One of the most widely used technical indicators in stock trading is the Relative Strength Index or RSI. The RSI is used to gauge price action momentum through a line graph that moves in between overbought and oversold conditions. This was developed by J. Welles Wilder Jr. and was since adopted by many technical analysts as a primary means of evaluating strength in buying and selling momentum.
How to Read the RSI
Interpreting RSI information is straightforward and must always be analyzed in conjunction with the price. This allow traders to smoothen the area of value in the chart and validate any potential reversals.
The classic interpretation of RSI is that price is due for a trend reversal from an uptrend when it reaches 70 and is bound to reverse from a downtrend when it reaches 30. This however varies from different chart setups and must be validated by volume and other technical indicators as necessary.
For the most part, the RSI is used to generate buy or sell signals when it lines up alongside price action patterns on key levels. We'll outline some of these signals later to illustrate it better.
It is important to note that the RSI can stay for extended periods of time in the Overbought level during a strong uptrend and can stay for prolonged periods in the Oversold level during a downtrend.
Key RSI Levels:
RSI below 30
RSI moving below 30 is a bearish signal. This is indicative of heavy selling pressure which is translated as a breakdown in price. However, it can also be used as a bounce signal as price usually makes a brief bounce when RSI moves between 20-30 (given that the stock is not plagued with any fundamental risk).
RSI above 50
RSI above 50 is a bullish signal. Cases wherein RSI is moving past 50 is indicative of increasing buying pressure. Price usually pivots from a consolidation and is setting up for a momentum move. Usually, RSI will encounter selling pressure as it nears RSI 70 and a pullback or consolidation takes place.
RSI above 70
RSI moving above 70 is indicative of strong buying pressure. In most cases, when RSI breaks out above 70, a parabolic spike in price happens. This is a case to case basis per stock but strong parabolic rallies will reach RSI 80-90 before profit taking ensues.

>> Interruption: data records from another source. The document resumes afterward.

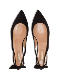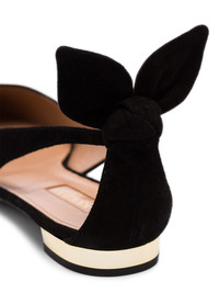 Bow Tie ballerina shoes Flats have perks too, you know. How would you catch your sister flat-footed if you were wearing heels? These Aquazzura ballerina shoes will allow you to catch her completely flat-footed while going through your things. Highlights - Black - Made from suede - Low metallic heels - Bow tie details at backs - Cut-outs at sides - Logo leather footbeds - Pointed toes crafted in italy Made in Italy Composition Sole: Calf Leather 100% Lining: Goat Skin 100% Outer: Kid Leather 100% SIZE & FIT Model measurements Height 5 ft 11 in(1.8 m) Bust/Chest 31.49 in(80 cm) Hips 35.43 in(90 cm) Waist 24.4 in(62 cm) FittingInformation This piece fits large – take one size down Measurement HEEL 0.59 in(1.5 cm) Washing instructions Specialist Cleaning
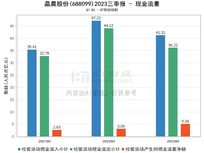 在现金流量方面,晶晨股份2023年三季度的经营活动产生的现金流量净额为5.09亿元,相比上年同期的3.09亿元有所增长。经营活动现金流入小计为41.31亿元,相比上年同期的47.22亿元有所减少。经营活动现金流出小计为36.22亿元,相比上年同期的44.12亿元有所减少。
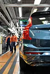 PUNKTUM FINALE: Her triller Volvos aller siste dieselbil av samlebåndet i Torslanda tirsdag.Foto: VOLVO CARS
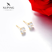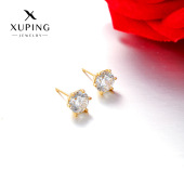 旭平简约小巧铜合金镀24k金色六爪单锆石耳钉 经典日常易搭耳饰女
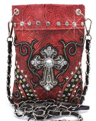 tooled leather cross hip bag in blue or red, available on Tawgear
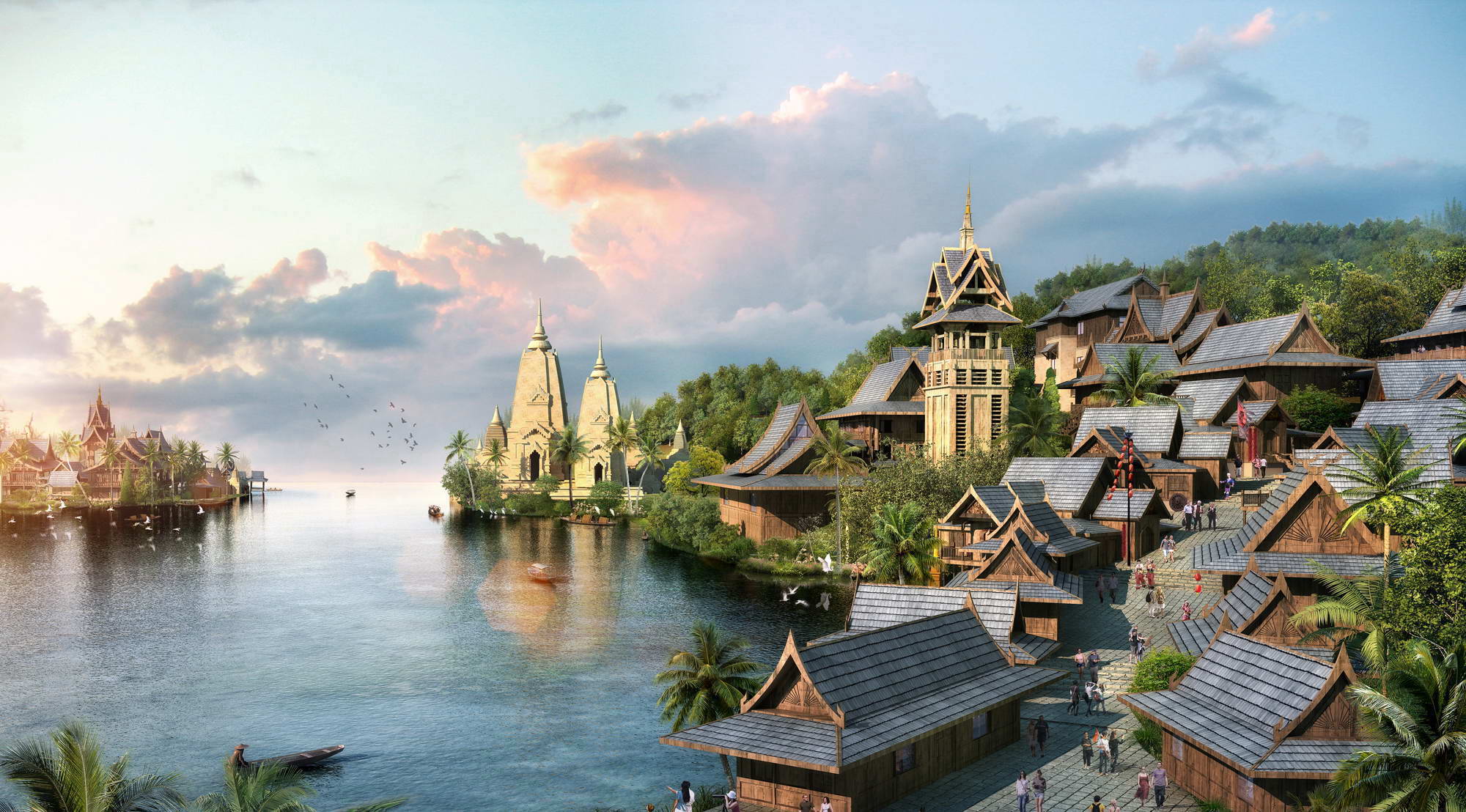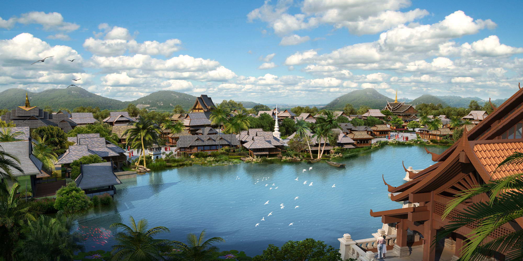 Site Plan and Architecture Design of Dai Water Town in the Olive Dam
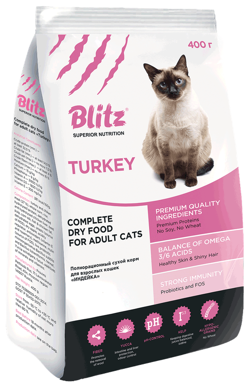 Блитц корм д/кошек с Индейкой ADULT CATS TURKEY 0,4 кг, шт
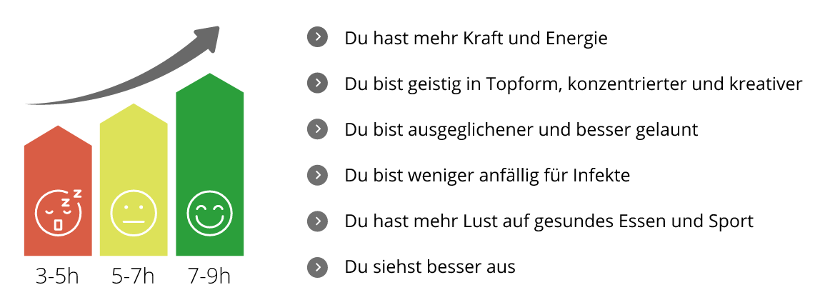 Wer Sport treibt, verbessert seine Schlafqualität. Das geht aus verschiedenen Studien eindeutig hervor. Doch es funktioniert auch anders herum. Wer zu wenig schläft, dem fehlt die Energie und damit die Lust auf Bewegung. Der Antrieb reicht nicht aus, um nach einem langen Arbeitstag noch Sport zu machen. Leistungssportler wissen: Genug Schlaf ist ein wichtiger Teil des Trainings. Sportliche Leistung bringt der Körper nur gut ausgeruht undausreichende Regeneration ist wichtig für die Muskulatur.
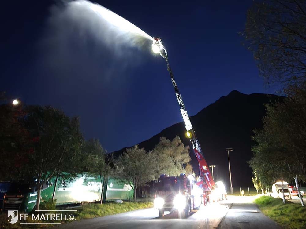 Um die Auswirkung der Förderleistung anschaulich darzustellen, wurde eine kurze Zubringleitung zum Tanklöschfahrzeug aufgebaut, welches wiederum den elektronisch gesteuerten Monitor der Drehleiter mit Löschwasser versorgte.
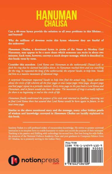 Can a 40-verse hymn provide the solution to all your problems in this lifetime... and beyond? Why do millions of devotees recite this hymn whenever they are fearful of the unknown? Hanuman Chalisa a devotional hymn in praise of the Vanar or Monkey God Hanuman may appear to be a mere chant which someone can recite in about two minutes. Each verse however conveys a much deeper message which is described in this book: verse by verse. Consider this anecdote. Lord Rama sent Hanuman to the netherworld (Pataal-Lok) to fetch his ring that he claimed had fallen down. As Hanuman reached there and was searching for the ring he requested the king of the netherworld the serpent Vasuki to help him. Vasuki led him to a massive mountain of identical rings. A surprised Hanuman requested Vasuki to help him find the actual ring. Vasuki told him about the circle of life wherein all the four yugas or eras (satya-yuga treta-yuga dwapar-yuga and kal-yuga) repeat in a periodic manner. Every treta-yuga in the past had a Lord Rama and Hanuman and in future would also have the same. The mountain of rings is actually infinite for there is no beginning or end to this circle of life. Hanuman finally understood the purpose of his visit and returned to Ayodhya expecting not to find Lord Rama there but assured that Lord Rama would be born again in future in the next treta-yuga. Similar to the above mentioned story and the message many other hidden pearls of wisdom and knowledge conveyed in Hanuman Chalisa are lucidly explained in this book. About the Author Sandeep Padam is a self-professed seeker of transcendent knowledge. He strives to present universal intricacies in its simplest form to enable humanity to realise and enrich the purpose of their existence. Teaching is his passion and fiddling with technology his secondlove firstlovebeing his wife Sudha. An alumnus of the National Defence Academy Pune and post graduate in Computer Science from IIT Madras he is presently serving in the Indian Navy.

Examples of How to Use RSI in Trading
1. Plotting divergences
Bullish and bearish divergences are formed when there is a divergence between the price and the RSI. This is a classic reversal formation that have been consistently used to determine potential market reversals.
A Divergence can be simply illustrated when the stock price is moving in the opposite direction of an oscillator (usually the RSI). This means that the strength in buying or selling is weakening and the price will likely shift in trend.
a. Bullish Divergence
A Bullish Divergence is illustrated in the chart when the RSI starts to make a new higher low while the price of the stock is establishing a new lower low. This signifies weakening selling pressure that might result to an uptrend shift.
b. Bearish Divergence
A Bearish Divergence is illustrated in the chart when the RSI starts to make a new lower high while the price of the stock is establishing a new higher high. This signifies weakening buying pressure that might result to a downtrend shift.
2. Gauging price REVERSAL POINTS
When plotting possible reversal points, gauging the right support and resistance levels maybe tricky. When buying or selling pressure are strong, most support and resistance levels will not hold. This is when the RSI can be an effective tool in augmenting chart analysis. As RSI hits 30 and below the oversold area, chances of a price bounce increases. Inversely, when RSI hits 70 and above the overbought area, a chance for a price rejection increases.
The price chart above is a perfect example of how price swings respond to key RSI levels. Notice that price peaks and pulls back when RSI hits 70 and bounces when it hits 30. This is especially useful to generate swing plays wherein a specific entry and exit point is needed.
3. Assessing strength of buying and selling
Volume validates price action. RSI confirms this when a spike up in buying volume occurs when RSI is above 50 - 70 or when a spike in selling volume happens when RSI is at 30.
When volume, RSI and price action signals all agree, this means that the move is strong and that the trader needs to put more weight on the signal.
a. RSI movement during price breakdown
To validate breakdown and capitulation patterns RSI should be moving below 20 - 30 paired with increasing volume.
As seen in the chart below, price breaks down below support paired with RSI diving below 30 with a spike up in volume. This is indicative of a capitulation or a downtrend move.
b. RSI movement during price breakout
To validate momentum and breakout patterns RSI should be moving above 60 - 70 paired with increasing volume.
As seen in the chart below, price breaks out above resistance paired with the RSI moving above 50 and reaching 70 with a spike up in volume. This is indicative of a momentum or uptrend move.